27/06/23
Специалисты по кибербезопасности Trend Micro обнаружили новые вариации вымогательского вируса Trigona, который активно распространяется с июня 2022 года. Trigona, как и большинство подобных программ, применяет метод двойного вымогательства: сначала выгружает файлы с заражённых компьютеров, а затем шифрует, угрожая опубликовать похищенные данные в Интернете, если жертвы не заплатят денежный выкуп.
Программа Trigona написана на языке программирования Delphi и использует 112-битный RSA и 256-битный AES для шифрования файлов в режиме OFB, согласно Securitylab. После шифрования файлов вирус добавляет к ним расширение «.locked» и оставляет файл «how_to_decrypt.hta», который содержит инструкции по восстановлению данных и контакты злоумышленников. Жертвам предлагают бесплатно расшифровать до трёх файлов в качестве доказательства, что свои данные возможно получить обратно.
Для оплаты выкупа жертвам, как правило, необходимо скачать и установить браузер Tor и перейти по ссылке, указанной в файле «how_to_decrypt.hta». На сайте злоумышленников жертвам нужно зарегистрироваться, ввести уникальный ключ из файла «how_to_decrypt.hta» и выбрать имя пользователя и пароль. Сумма выкупа заранее неизвестна, но вот что известно точно, — что злоумышленники требуют оплату в криптовалюте Monero (XMR). На сайте также есть опция чата с поддержкой для жертв.
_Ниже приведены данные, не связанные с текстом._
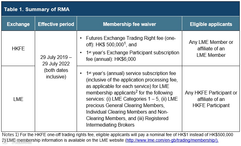 A Reciprocal Membership Arrangement has been introduced in order to encourage LME members to join the HKFE, and vice versa. The exchanges will waive their membership fees for members or affiliates of the reciprocal exchanges.

Новые версии Trigona отличаются от уже существующих несколькими особенностями:
- поддерживают различные параметры командной строки, которые позволяют злоумышленникам гибко настраивать процесс шифрования и удаления файлов.
- они атакуют серверы MS-SQL, используя методы подбора паролей и инструмент CLR shell.
- они имеют версию для Linux, которая, впрочем, имеет сходства с версией для Windows.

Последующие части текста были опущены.